| PROBLEM DETAILS |
Set down the data again word for word. Skip any pictures.

(Beginning of INFORMATION PROVIDED)

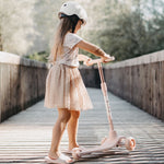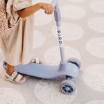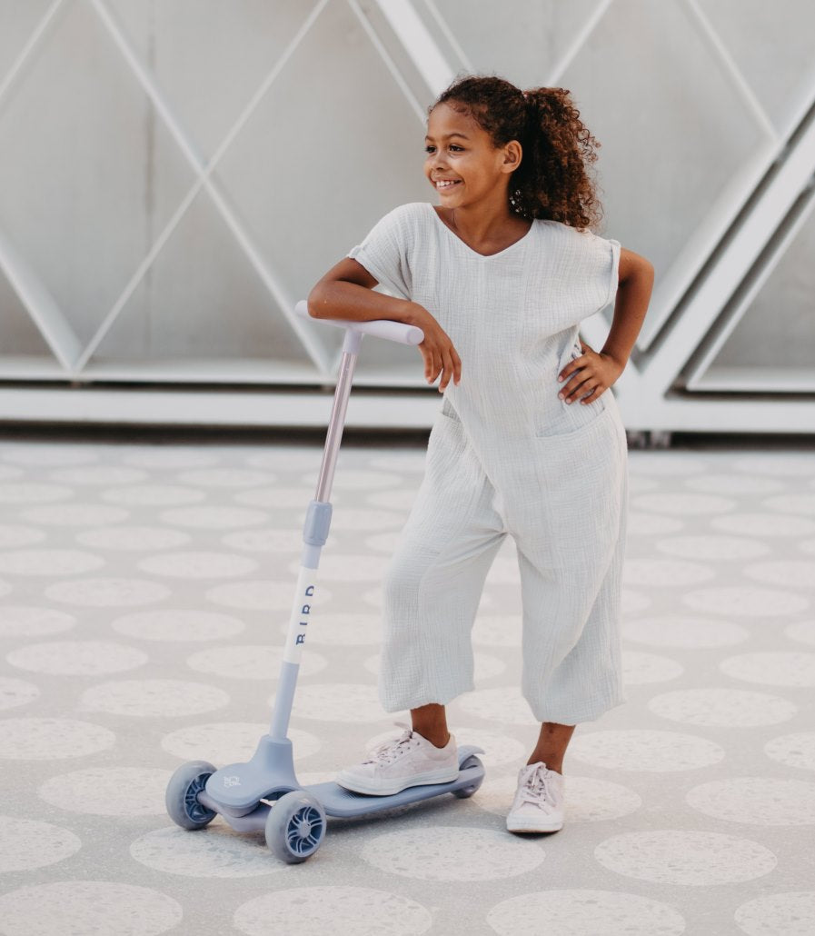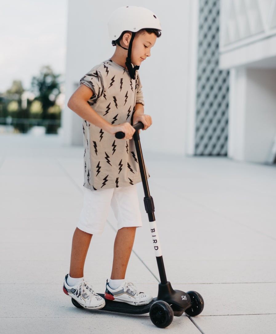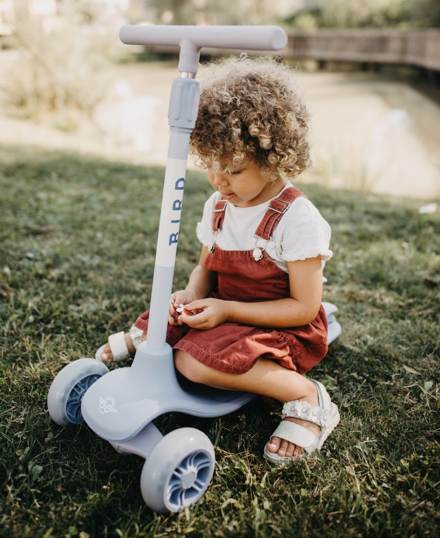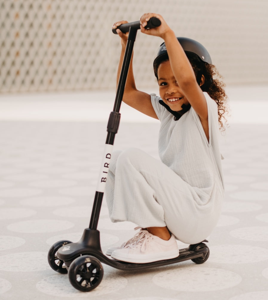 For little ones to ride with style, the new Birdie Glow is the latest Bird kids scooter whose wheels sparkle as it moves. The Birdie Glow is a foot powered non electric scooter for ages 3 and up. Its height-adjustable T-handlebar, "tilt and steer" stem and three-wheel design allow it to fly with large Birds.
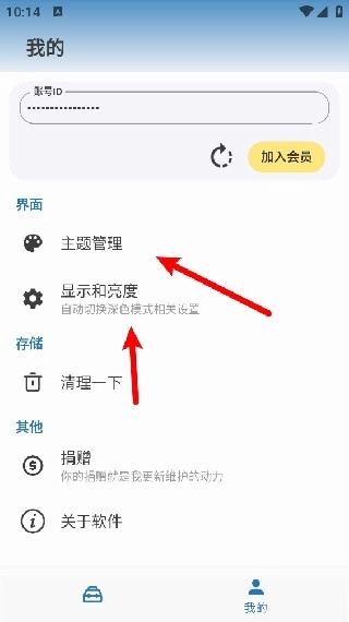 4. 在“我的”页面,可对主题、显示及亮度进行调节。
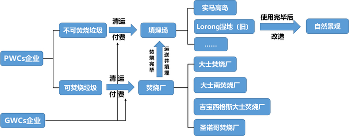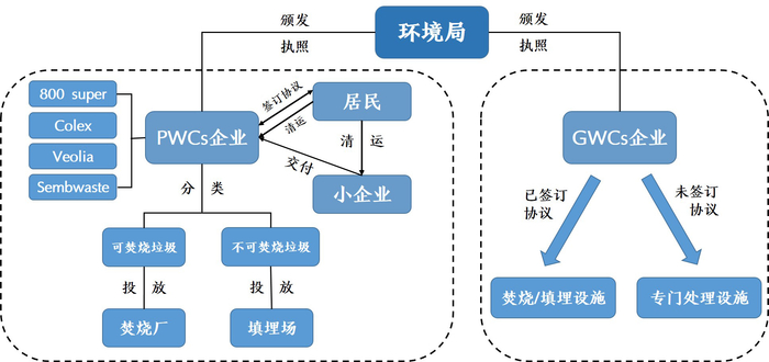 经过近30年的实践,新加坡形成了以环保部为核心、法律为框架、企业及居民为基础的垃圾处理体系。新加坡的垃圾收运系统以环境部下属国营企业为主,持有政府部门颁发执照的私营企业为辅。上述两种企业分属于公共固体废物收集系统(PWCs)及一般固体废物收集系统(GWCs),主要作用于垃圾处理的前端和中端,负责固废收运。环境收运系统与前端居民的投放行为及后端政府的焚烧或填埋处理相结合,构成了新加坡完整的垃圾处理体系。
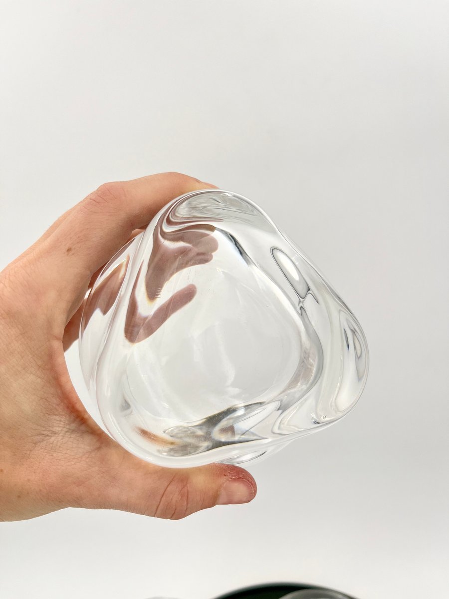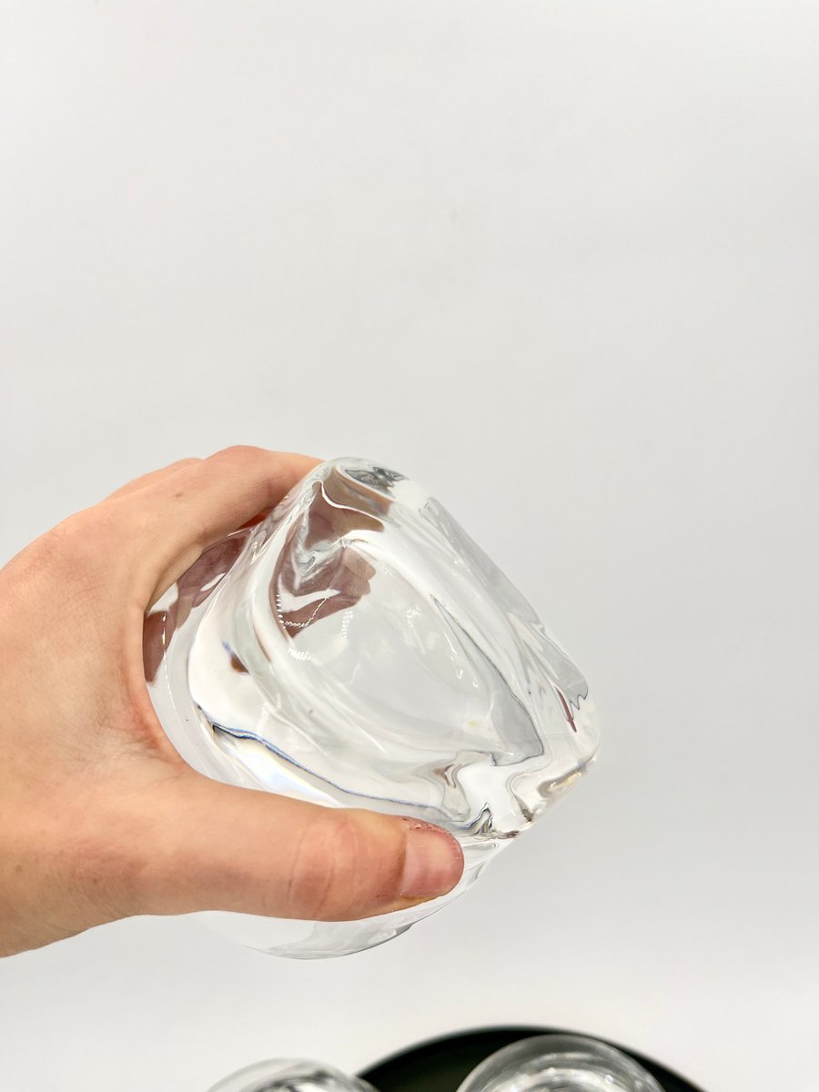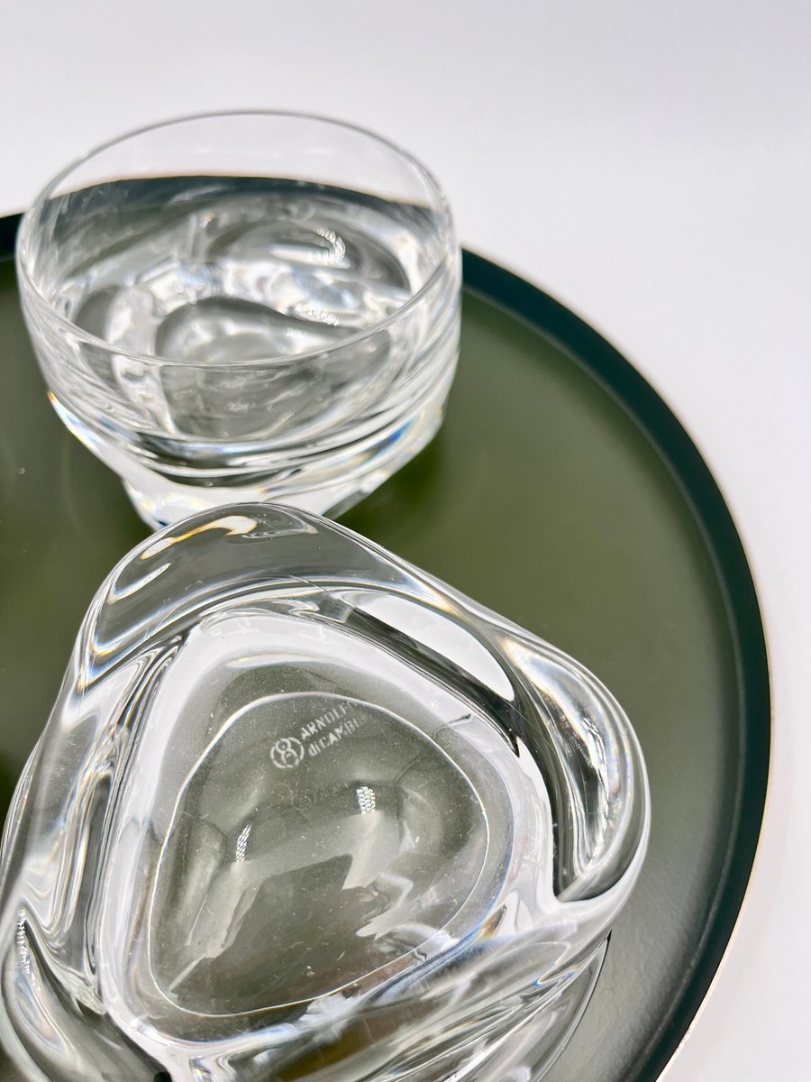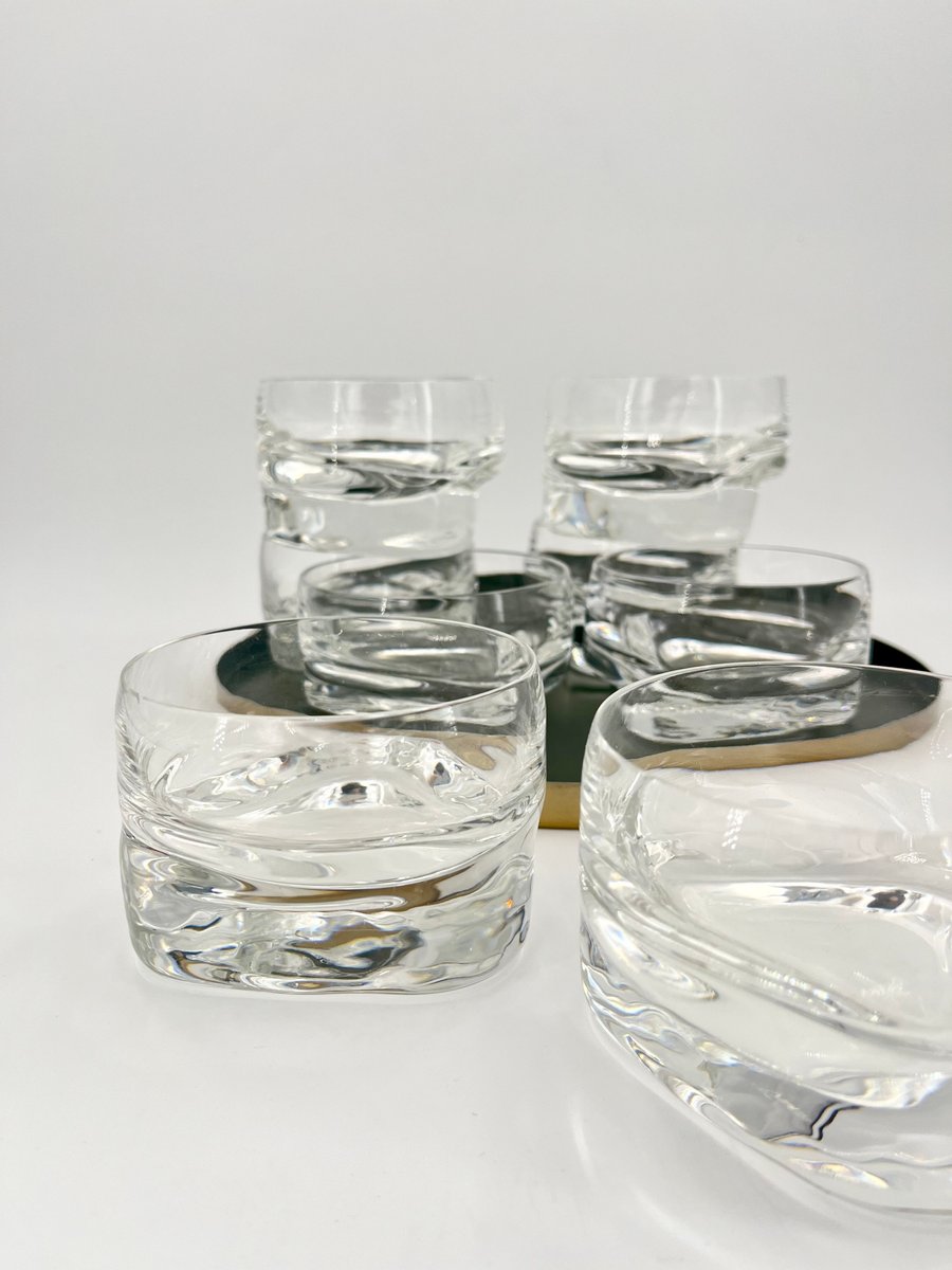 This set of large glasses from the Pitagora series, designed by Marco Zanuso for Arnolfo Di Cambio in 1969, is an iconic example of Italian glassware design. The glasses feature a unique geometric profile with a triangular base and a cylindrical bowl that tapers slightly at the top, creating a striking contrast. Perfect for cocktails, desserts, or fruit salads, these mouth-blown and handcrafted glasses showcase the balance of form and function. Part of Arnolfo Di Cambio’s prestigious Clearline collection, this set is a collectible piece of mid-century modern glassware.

(End of INFORMATION PROVIDED)

| RESULT |
 For little ones to ride with style, the new Birdie Glow is the latest Bird kids scooter whose wheels sparkle as it moves. The Birdie Glow is a foot powered non electric scooter for ages 3 and up. Its height-adjustable T-handlebar, "tilt and steer" stem and three-wheel design allow it to fly with large Birds.
 4. 在“我的”页面,可对主题、显示及亮度进行调节。
 经过近30年的实践,新加坡形成了以环保部为核心、法律为框架、企业及居民为基础的垃圾处理体系。新加坡的垃圾收运系统以环境部下属国营企业为主,持有政府部门颁发执照的私营企业为辅。上述两种企业分属于公共固体废物收集系统(PWCs)及一般固体废物收集系统(GWCs),主要作用于垃圾处理的前端和中端,负责固废收运。环境收运系统与前端居民的投放行为及后端政府的焚烧或填埋处理相结合,构成了新加坡完整的垃圾处理体系。
 This set of large glasses from the Pitagora series, designed by Marco Zanuso for Arnolfo Di Cambio in 1969, is an iconic example of Italian glassware design. The glasses feature a unique geometric profile with a triangular base and a cylindrical bowl that tapers slightly at the top, creating a striking contrast. Perfect for cocktails, desserts, or fruit salads, these mouth-blown and handcrafted glasses showcase the balance of form and function. Part of Arnolfo Di Cambio’s prestigious Clearline collection, this set is a collectible piece of mid-century modern glassware.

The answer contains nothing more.